P.S. You're Intolerable (The Harder They Fall, #3)(5)
This time, I wasn’t able to school my reaction. “I’ll be traveling with you?”
“Of course. You’re my assistant. Do you think I won’t need you assisting me simply because my location changes?”
I shook my head. “No. I hadn’t thought of that.”
“You do have a passport, don’t you?”
“Yes.” My passport was one of my most prized possessions.
“Do you have a fear of flying?”
“No. Flying isn’t a problem.”
His chin lowered. “It’s settled. You’ll travel to Zurich with me. Make the arrangements.”
He turned away from me, his full attention on his computer again. I guessed I was dismissed, even though I had a thousand questions about what I was supposed to do.
I closed my notebook and stood, pausing to ensure he was truly finished with me. When he didn’t look up, I walked to the door.
My hand was on it when he called out, “Catherine.”

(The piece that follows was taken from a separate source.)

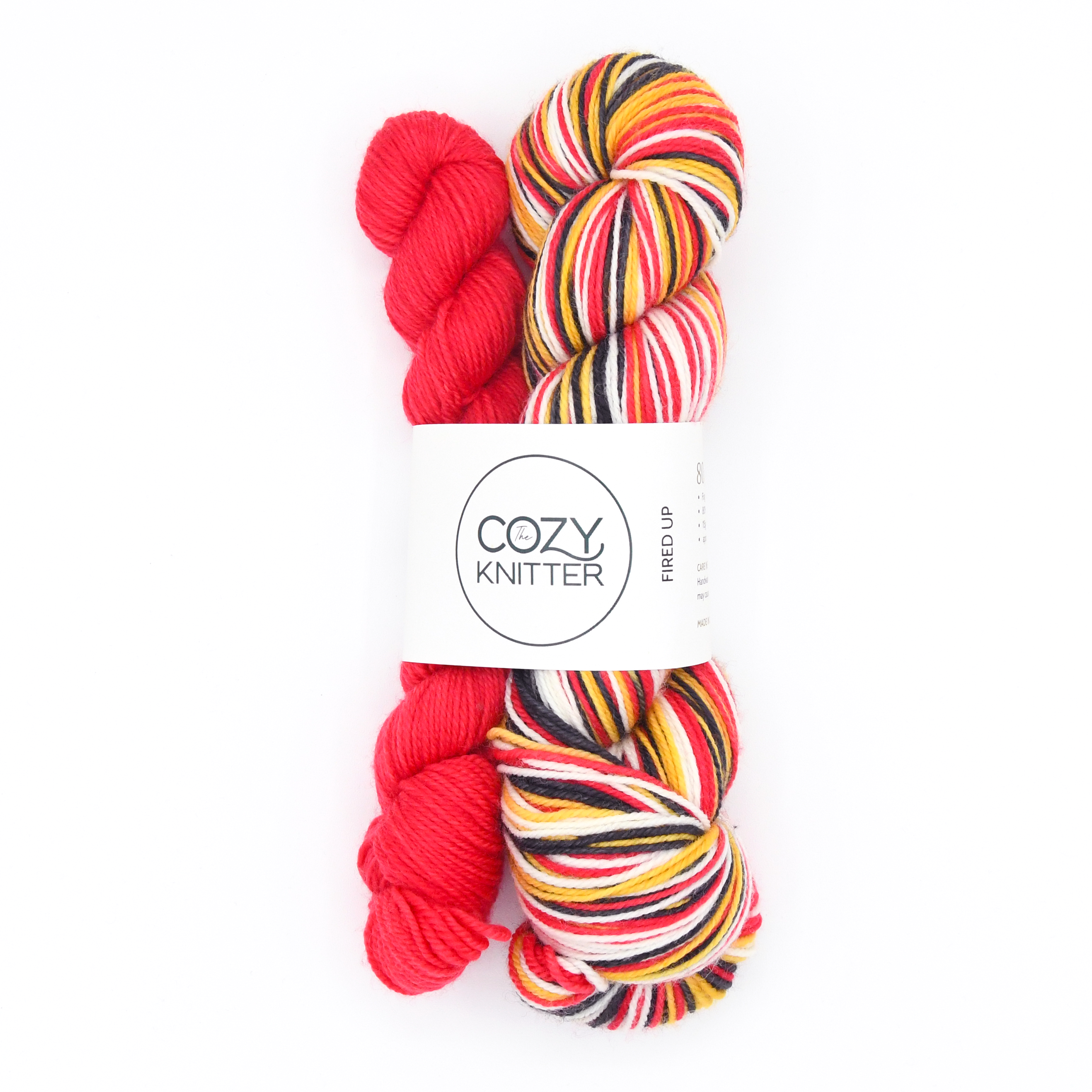 When I first dyed this colourway I posed a name suggestion post to Instagram and many responded that it reminded them of the Maryland state flag, racing, fire and rescue, deck of cards, camp fires amongst other things. I thought the name FIRED UP would relate to many of these suggestions.

I turned back. “Yes, Elliot?”
His gaze swept over me. “Don’t forget to write down my schedule.”
“Got it. Black ink only.”
Chapter Three
Catherine
Five Months Later
For the one-hundred-and-eleventh day, I arrived at the office at eight a.m., sat down at my desk, flipped open a notepad, and neatly wrote Elliot Levy’s schedule in black ink.
And at the bottom, following the notation for his last meeting of the day, I included a postscript—which I’d been doing for a hundred and one days.
Yesterday’s had been: P.S. Are you even human?
The day before: P.S. You remind me of porridge.
Today’s: P.S. You’re intolerable.
Then, like I always did, I precisely sliced that strip off the bottom, slid it inside an envelope with all one hundred and one of the others, and returned it to its place at the back of my desk drawer beneath my box of tampons. In my current condition, I absolutely did not need them, but I’d found tampons were the best deterrent for most men. Though I regularly questioned if Elliot was a cyborg, I couldn’t picture him willingly touching feminine hygiene products either.
This was my only form of rebellion. Those postscripts allowed me to release a tiny drip of the anger I swallowed down on a daily basis. When Elliot’s demands became unbearable, I took out my envelope, ran my fingers over the one-inch strips of “fuck you very much,” and immediately calmed.
The therapist I’d been forced to see when I was a teen would have been proud…ish.
Once that was complete and my desk was back to its pristine condition, I ran through the routine I did before Elliot arrived for the day. Lately, it had been: bathroom, break room, bathroom, emails, bathroom, bathroom, bathroom.
The bean was more of a cantaloupe now and seemed to think my work time was her party time. She used my bladder as a bouncy pillow, which meant I spent far too much time running to the restroom.
If Elliot had noticed, he hadn’t said a word.
That was unusual for him since he never held back his opinions on my work.
Davida was in the break room, dipping a tea bag in a mug and chatting with another exec assistant, Raymond, who worked for LD’s chief lawyer.
Davida wasn’t who I’d initially pegged her to be. Beneath her cool professionalism, she was a sassy, foul-mouthed mother hen. We’d become allies then friends, despite our thirty-year age gap and the fact that Davida was a freewheeling, unmarried, and happily childless lesbian, and I was a soon-to-be single mother.
I’d quickly learned the assistants on the executive floor stuck together. We were the only ones who understood each other’s haunted looks weren’t from seeing some “fucked-up shit,” as Raymond said, but from putting up with our bosses’ demands.
And lately, Davida had started covering for me when I needed to dash to the bathroom for the seventeenth time of the day.
Davida and Raymond stopped talking at the sight of me. They couldn’t have looked more different. Davida was a silver vixen, while Raymond was a slim, twentysomething Black man with a smooth, bald head, horn-rimmed glasses, and an affinity for tweed and comic books, but their wide-eyed expressions were identical.
“Darling,” Davida drawled. “You’ve popped.”
My hands flew to my belly, which had barely fit in my dress this morning. Most of my clothes were a tight squeeze, and I still had more than two months to go.
I’d been lucky I hadn’t gotten very big yet. That all flew out the window over the weekend. Little Girl had made herself known.
“You look good, though,” Raymond assured me. “Not a cankle in sight.”
As I made myself my one cup of coffee for the day—we’d reconciled my second week of working for Elliot Levy—I huffed a laugh.
“Come see me at the end of the day. It’s very sexy,” I told him.
Raymond shuddered. “Thanks, sweetie, but I’ll pass. Pregnancy is a mystery to me, and I plan to keep it that way.”
Davida propped her hip on the counter. “But is it a mystery to Elliot? Or have you finally talked to him about it?”
Pressing my lips together, I shook my head. “Not yet.”
Raymond snickered. “You’re wilding. Surely that man can see with his own two eyes there’s a baby on board.”